Paul Segre has Genesys poised for continued growth by studying what makes customers happy

Interviewed by Dustin S. Klein
Benchmarking is such a ubiquitous term these days in a business world where everyone wants to know how they measure up and whether their company is operating as efficiently as possible.
It’s just not something that Paul Segre has spent a lot of time worrying about to this point as president and CEO at Genesys.
“This may sound strange, but we haven’t yet said what the benchmark is that we’re shooting for,” Segre says. “What we’ve said is we want to enter into a continuous improvement process.”
Segre has been with Genesys since 2002, working first as the chief technology officer and then chief operating office before becoming CEO in 2007.
He also held a variety of executive management roles at Genesys’ parent company, Alcatel-Lucent, before the company decided to spin off Genesys to become a stand-alone business more than three years ago.
“Alcatel-Lucent was a great parent, but it just wasn’t their business,” Segre says. “It wasn’t core to them and they needed cash. So we were non-core, had a very good and motivated management team and we found a great investor in Permira and spun it out and haven’t looked back.”
Genesys has done quite well on its own, registering consistent yearly double-digit growth in revenue, including a record of more than $740 million in 2013. The company focuses on helping its customers provide great experiences for their own customers and has established a presence in more than 80 countries worldwide.
“McKinsey (Global Institute) has done a bunch of research that shows if you’re focused on providing ease of use around what we call customer journeys — a sales process, an on-boarding of a customer, a life event where it might be a renewal or some type of new purchase — if you’re focused on that end to end, the revenue growth of your company is 10 percent better and customer satisfaction is 20 percent better,” Segre says.

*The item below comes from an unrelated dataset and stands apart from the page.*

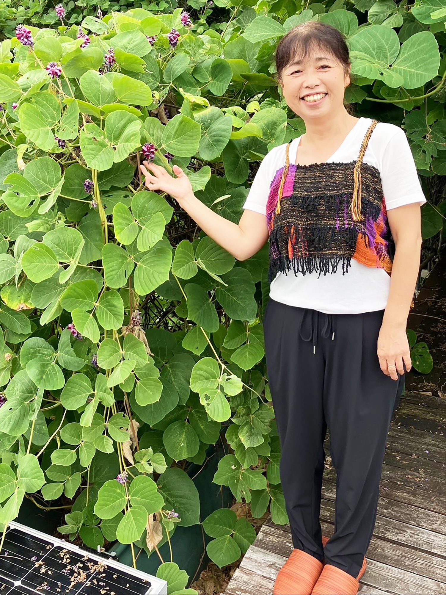 5センチ幅3.5メートルの布で、らせん仕立てのベストを仕立てられました。『分け織り』や『耳出し織り』がアクセントになって、コンパクトながらインパクトのある一着になりました。

“The efficiency of your employees is between 15 and 20 percent better. And so we’ve been doing this at scale, and we’ve seen exactly those types of numbers, sometimes much, much bigger.”

A reason to wait

Genesys puts a great deal of thought into what it takes to make customers happy.
One of the most common pain points for customers of any type of business is the inability to reach a live person for support when they really need it.

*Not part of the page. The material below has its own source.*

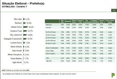 O instituto Paraná Pesquisas divulgou, nos últimos dias, novas sondagens de aprovação para os estados do Ceará e Alagoas, e pesquisas eleitorais para Maceió e Curitiba. Uma pesquisa para Fortaleza já foi divulgada aqui no blog.

So Segre and his team did a study on what is most important to customers in these situations. It took place at a telecom business that was focused on Net Promoter Scores as a key differentiator.
“It’s actually fairly common in the telecom industry to have a service-level agreement around getting to a live person in under a minute,” Segre says. “So we did a study of a large telecom company that wanted to target a live person. If you couldn’t get there in under a minute, they’d expand the pool. And if you still couldn’t, they’d expand the pool more. And the net effect of that was you would get to a poorly trained person because they always had to extend the pool beyond the trained people for whatever the task was.
“So we went in and did a study, and we found that for different types of transactions, people were willing to wait much longer — so long as they could get to the right person the first time and have the successful completion. And it turned out that it was actually dependent — the willingness to wait depended on what the task was. If it was a more transactional type of task like a pin reset and they wanted to get in and out quickly, they didn’t have a lot of patience. If it was a pretty complicated thing, you know, some complicated product maybe or a billing inquiry, they would be comfortable waiting a longer period of time.”
The study found that a big key to maintaining a high NPS is informing the customer about how long the wait time will be. When that’s done, customers tend to be more patient. Plus, there are fewer transfers because they get to the person they really need to speak to.
“You can show a very big correlation with the number of transfers to poor NPS,” Segre says. “So, their number of transfers decreased and customer satisfaction went up. At the same time, if you’re eliminating that number of transfers, you’re able to take a huge amount of cost out of the business because with transfers you get to the wrong person, talk for a fair amount of time and then they transfer you again, and you start the whole process again.”